Anyway, back to Eliot. 'Four Quartets' is where we all end up. All poetic roads lead there, don't you find? (Beethoven's last and Eliot's all - the perfect zenith of human creation.) 'East Coker', in particular, one has in mournful mind today on hearing the terribly sad news that Ramsgate Abbey is to close its doors after a century and a half of habitation and prayer. Too few monks, too many empty cells it seems. Quite of lot of that about one must accept, and with heavy heart. They are not to disband, which is promising, but they are to decamp.

Thus spoke Eliot:

"In my beginning is my end. In succession
Houses rise and fall, crumble, are extended,
Are removed, destroyed, restored, or in their place
Is an open field, or a factory, or a by-pass.
Old stone to new building, old timber to new fires,
Old fires to ashes, and ashes to the earth
Which is already flesh, fur and faeces,
Bone of man and beast, cornstalk and leaf.
Houses live and die: there is a time for building
And a time for living and for generation
And a time for the wind to break the loosened pane
And to shake the wainscot where the field-mouse trots
And to shake the tattered arras woven with a silent motto."

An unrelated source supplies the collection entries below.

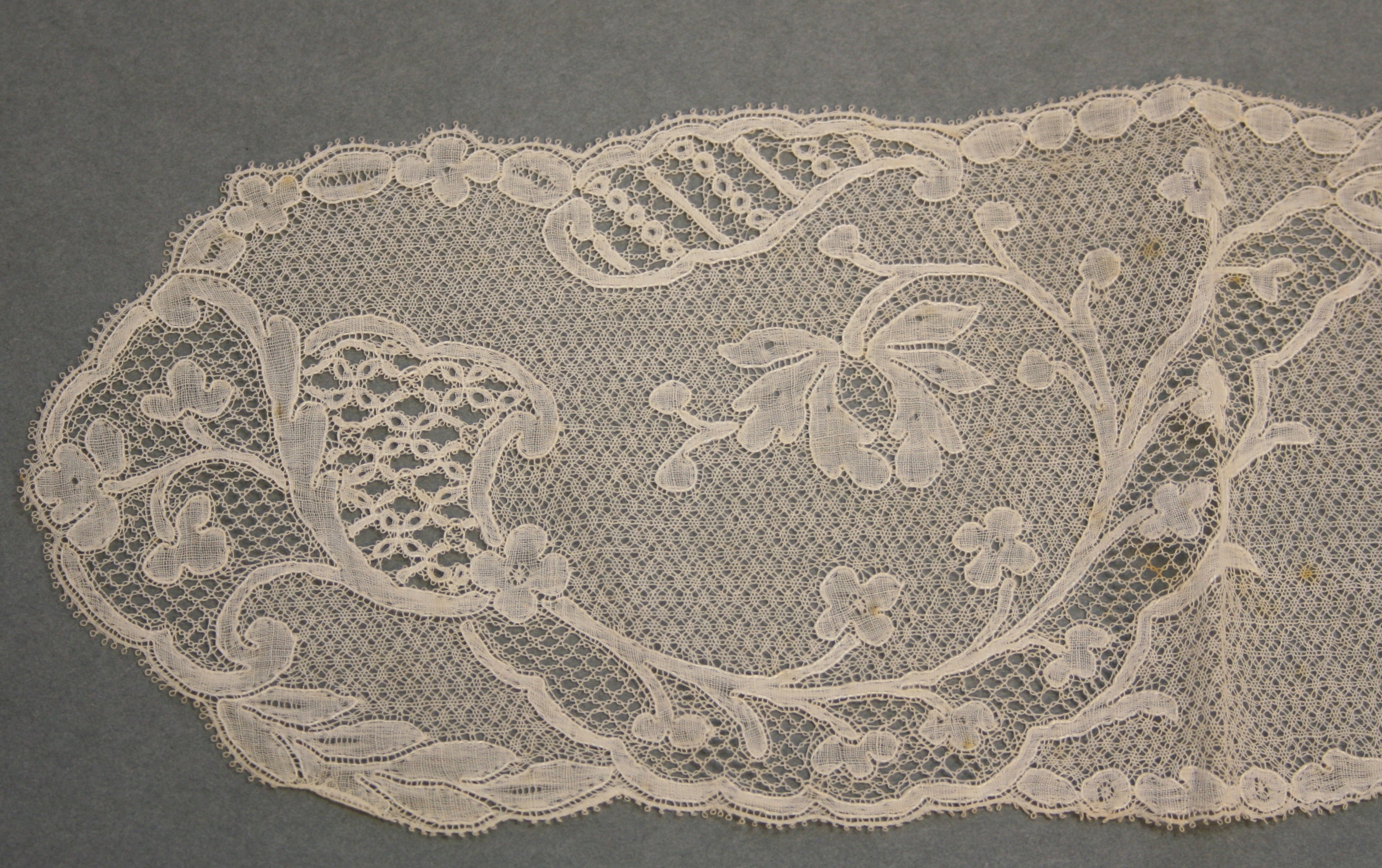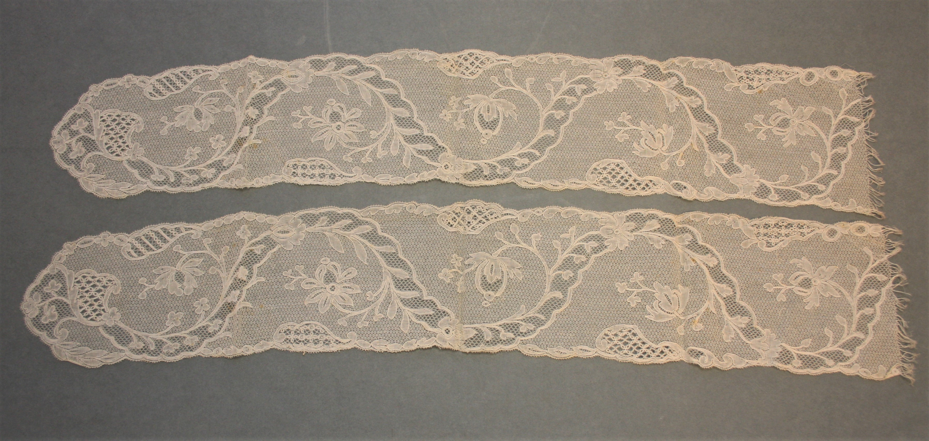 Dentelle aux fuseaux à fils continus et contour (Binche ou Valenciennes), très fin fond de neige et grillé. Motif de rivière ondulante alternant fleurs et feuillages, bord arrondi.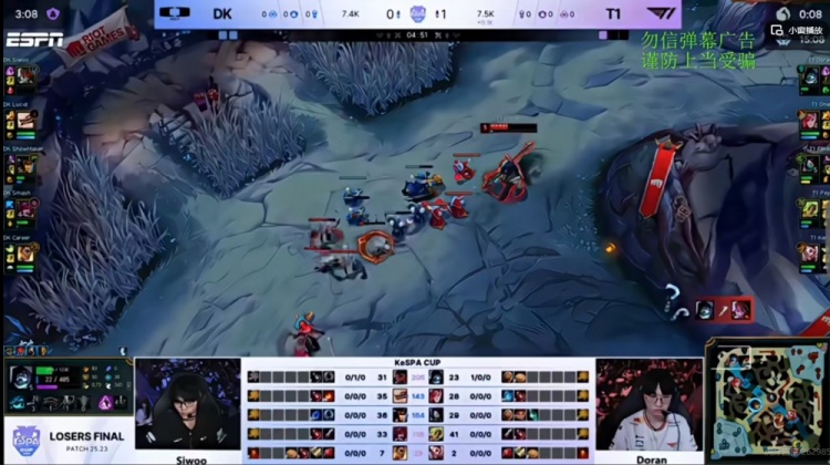 [4:51]上路换血Doran约里克拿下优势,闪现Q+小鬼伤害直接完成对位的单杀一血!
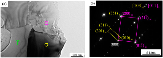 The SEM image and EDS analysis of the sample after solution treatment at 1040 °C are shown in Figure 3. It can be seen that the secondary phase is rich in Cr and Mo elements. The TEM images and electron diffraction (SAED) analysis of the secondary phase with lattice constants a = b = 0.879 nm and c = 0.454 nm (Figure 4), which is identified as σ phase. The orientation relationship between the α and σ phase can be determined as follows: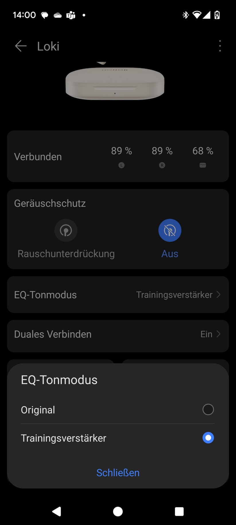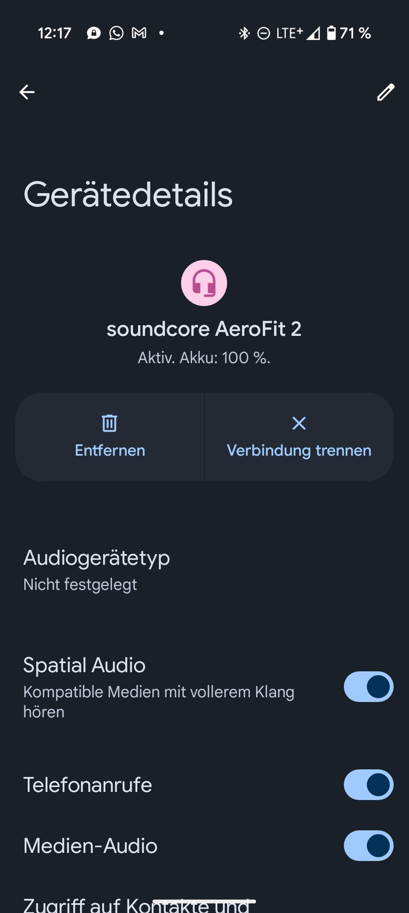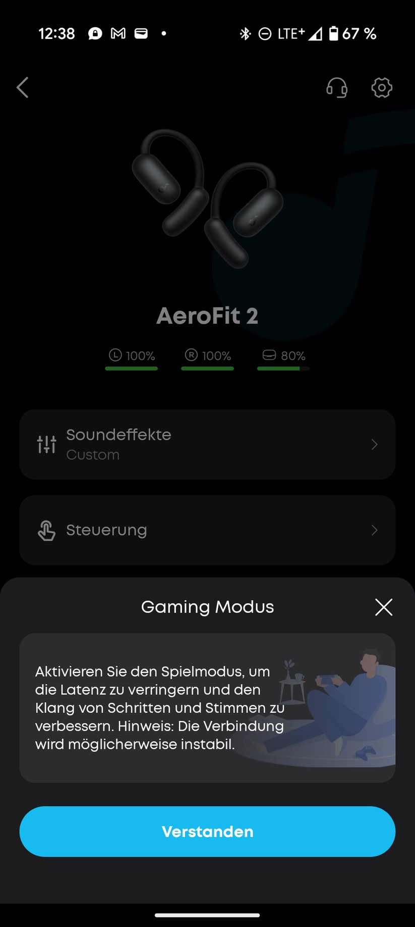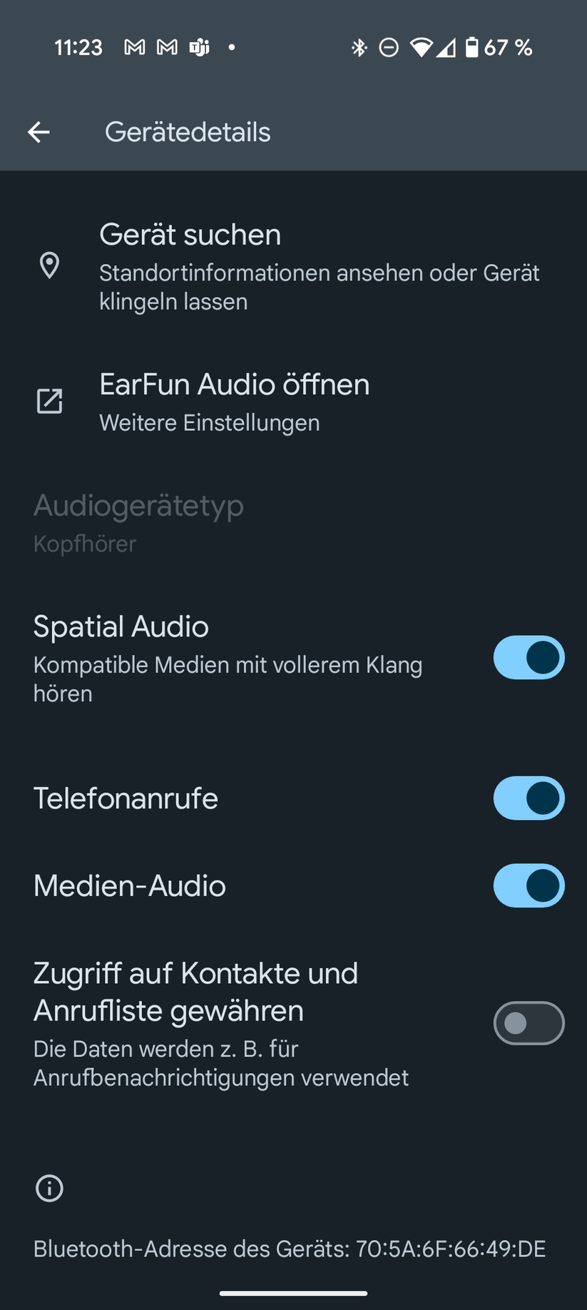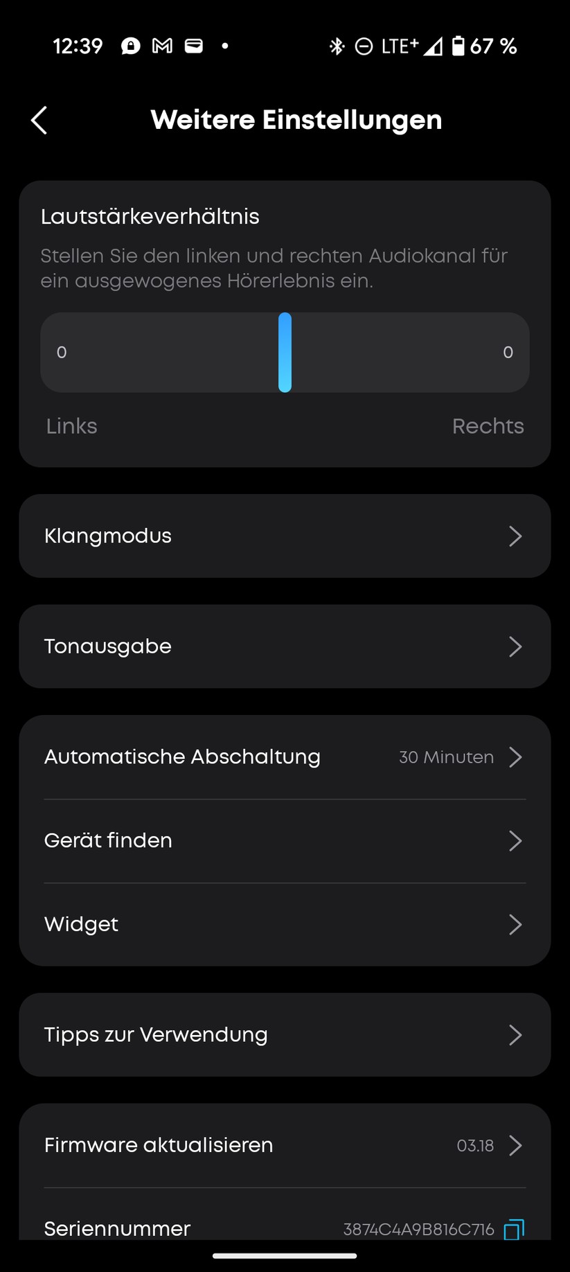 Wird Dolby Audio aktiviert, sofern vom Smartphone unterstützt, bekommt die Musik hörbar mehr Raum und Details. Bei der Bass-Performance zeigen die Niederfrequenz-Speaker ihre Wirkung. Je nach Song kann es etwas druckvoller werden. Das Niveau von ordentlichen Half-In-Ear- oder richtigen In-Ear-Modellen, die näher am Ohrkanal liegen, wird aber nicht ganz erreicht. Das war auch zu erwarten. Im reinen Open-Ear-Segment zählt die Bass-Performance der OpenFit 2+ aber zu den besten am Markt.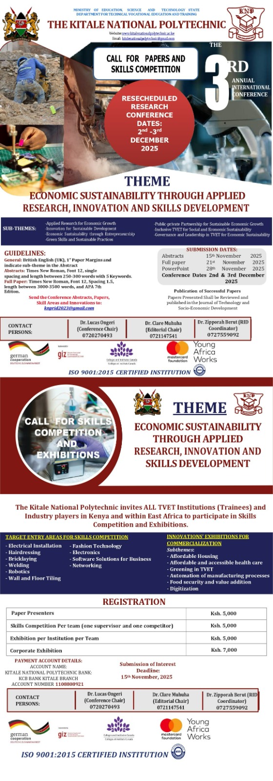 The Kitale National Polytechnic is an ISO 9001: 2015 Certified Institution.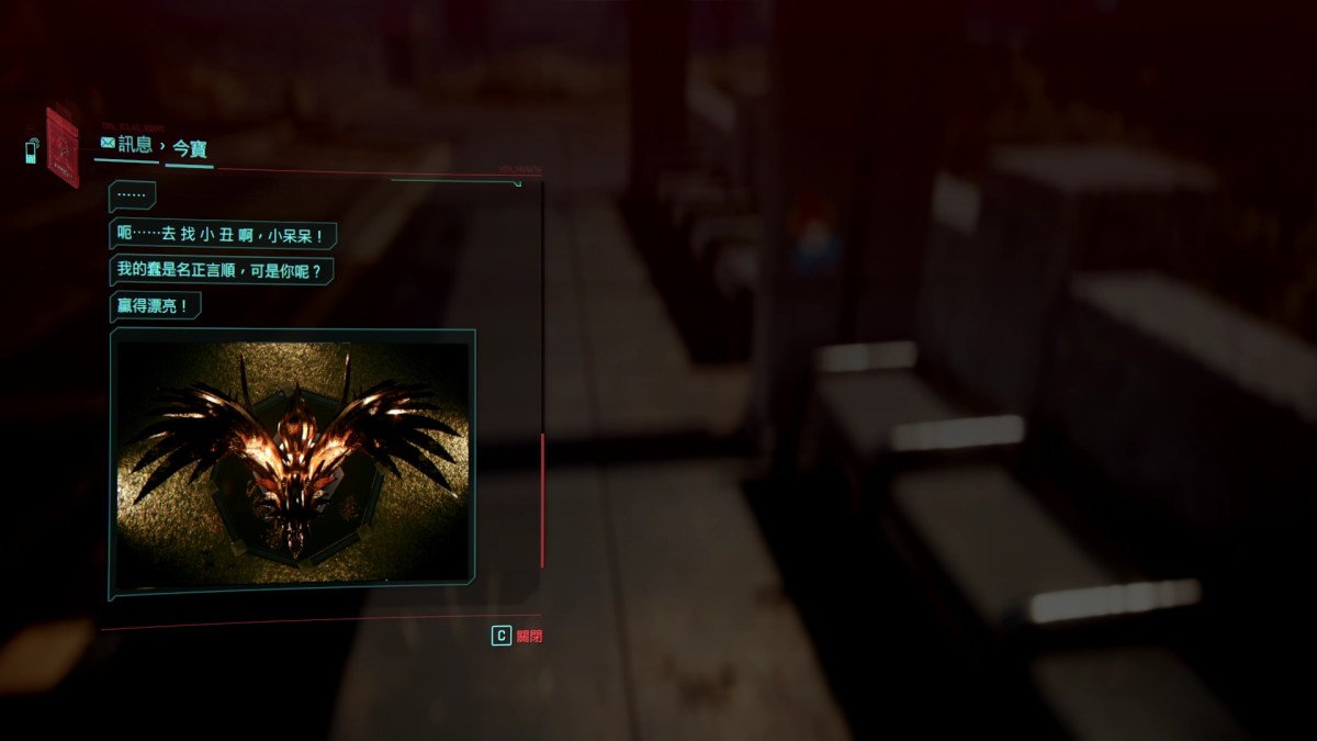 那麼,這項聯動任務該如何開始,又該如何找到這些分布各處的「小丑標誌」呢?在完成《電馭叛客2077》2.2版更新檔並進入遊戲後,V就會立即收到一則由「今寶」發送的簡訊,並要求依照線索指示,前往照片所示的地點,尋找這些小丑標誌。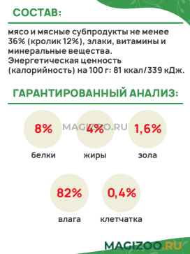 Состав: мясо и мясные субпродукты не менее 36% (кролик 12%), злаки, витамины и минеральные вещества.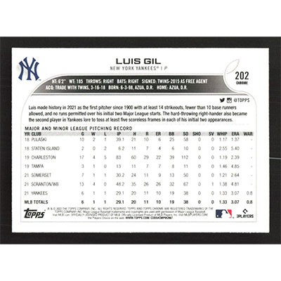 This is a 2022 Topps Chrome Luis Gil baseball card. The card is #202 and pictures show condition.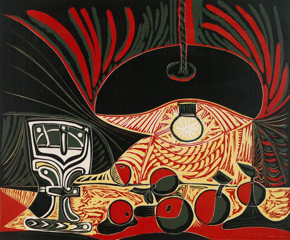Under The Lamp Wallpaper Mural exudes artistic flair with its dynamic interplay of rich blacks, vibrant reds, and warm yellows. It captures a captivating scene where a glowing lamp illuminates a sophisticated still life of glassware and abstract forms. The mural's intricate detailing and bold use of colour invite an atmosphere of refined elegance into any room, creating a stunning backdrop for both contemporary and vintage interiors.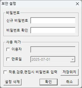 적용,검증,편집시 비밀번호 입력 : 체크하면 적용 시 항상 비밀번호를 입력해야 합니다.

Could not have put it better had I tried indeed. The monks are asking that whoever buys their glorious Pugin pile will nurture and care for it, respectful of its past and eternal purpose. One can only hope so, though one fears a call or a conference centre at best: "Good morning Sir. Just a quick call about your snack preferences today...." Bah!

Monday, October 05, 2009

When The Going Gets Tough...

...the tough do not, of course, sound the retreat.

They do, however, sometimes opt to go on retreat, an entirely different matter indeed. One could call it re-charging the somewhat depleted batteries ahead of the impending battery, and the one so calling it would not be wrong.

Tomorrow then we flit for a while back to the old stomping ground of Quarr Abbey for a few fine days in good company with the original Men In Black. A few days hardly enough to slough off the layers of worldly goo that so attach to self, but long enough to - one hates to use the buzz word but it does so ring the right bell - 'reconnect' with one's inner monk.

A month, perhaps, would be the minimum required to atune in even some small way to the pace of the place, though if you are not a dollard entire then but one moment can hit you plain between the eyes with its spirit.

No month available, but a good week of time to bridge between now and next Monday's CT scan.